RECORDS PROVIDED ->
--- START ---
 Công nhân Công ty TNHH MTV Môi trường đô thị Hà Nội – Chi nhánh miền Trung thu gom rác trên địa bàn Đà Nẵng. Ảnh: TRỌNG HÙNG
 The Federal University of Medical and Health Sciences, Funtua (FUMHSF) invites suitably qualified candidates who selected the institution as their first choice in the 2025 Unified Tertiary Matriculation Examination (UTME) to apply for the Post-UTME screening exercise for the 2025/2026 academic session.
--- END ---
--- START ---
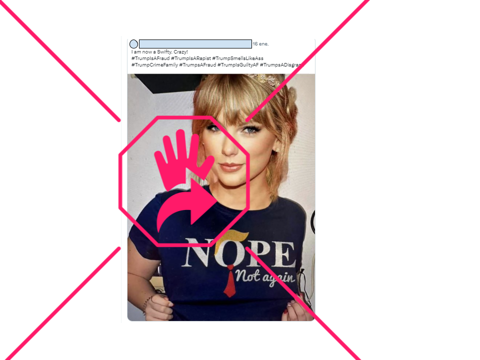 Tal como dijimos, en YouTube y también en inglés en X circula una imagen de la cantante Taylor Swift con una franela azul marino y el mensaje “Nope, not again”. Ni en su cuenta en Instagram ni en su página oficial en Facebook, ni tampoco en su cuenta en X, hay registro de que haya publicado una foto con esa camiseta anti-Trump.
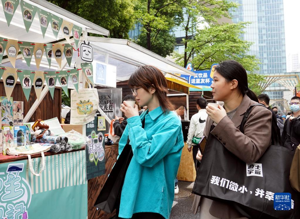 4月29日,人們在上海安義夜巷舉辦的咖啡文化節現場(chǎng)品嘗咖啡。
--- END ---
--- START ---
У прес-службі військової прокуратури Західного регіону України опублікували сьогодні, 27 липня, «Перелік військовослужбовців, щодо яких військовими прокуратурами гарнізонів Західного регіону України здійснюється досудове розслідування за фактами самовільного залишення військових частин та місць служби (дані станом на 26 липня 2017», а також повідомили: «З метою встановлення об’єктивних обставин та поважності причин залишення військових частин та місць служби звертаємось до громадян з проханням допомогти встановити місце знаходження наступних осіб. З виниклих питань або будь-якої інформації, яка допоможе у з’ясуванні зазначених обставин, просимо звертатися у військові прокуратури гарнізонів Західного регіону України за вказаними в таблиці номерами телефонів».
--- END ---
TASK TO COMPLETE -> From the data above, reproduce word for word the lines running from the line with "Công nhân Công" to the line with "The Federal University", ends included.

RESULT OF THIS TASK ->
 Công nhân Công ty TNHH MTV Môi trường đô thị Hà Nội – Chi nhánh miền Trung thu gom rác trên địa bàn Đà Nẵng. Ảnh: TRỌNG HÙNG
 The Federal University of Medical and Health Sciences, Funtua (FUMHSF) invites suitably qualified candidates who selected the institution as their first choice in the 2025 Unified Tertiary Matriculation Examination (UTME) to apply for the Post-UTME screening exercise for the 2025/2026 academic session.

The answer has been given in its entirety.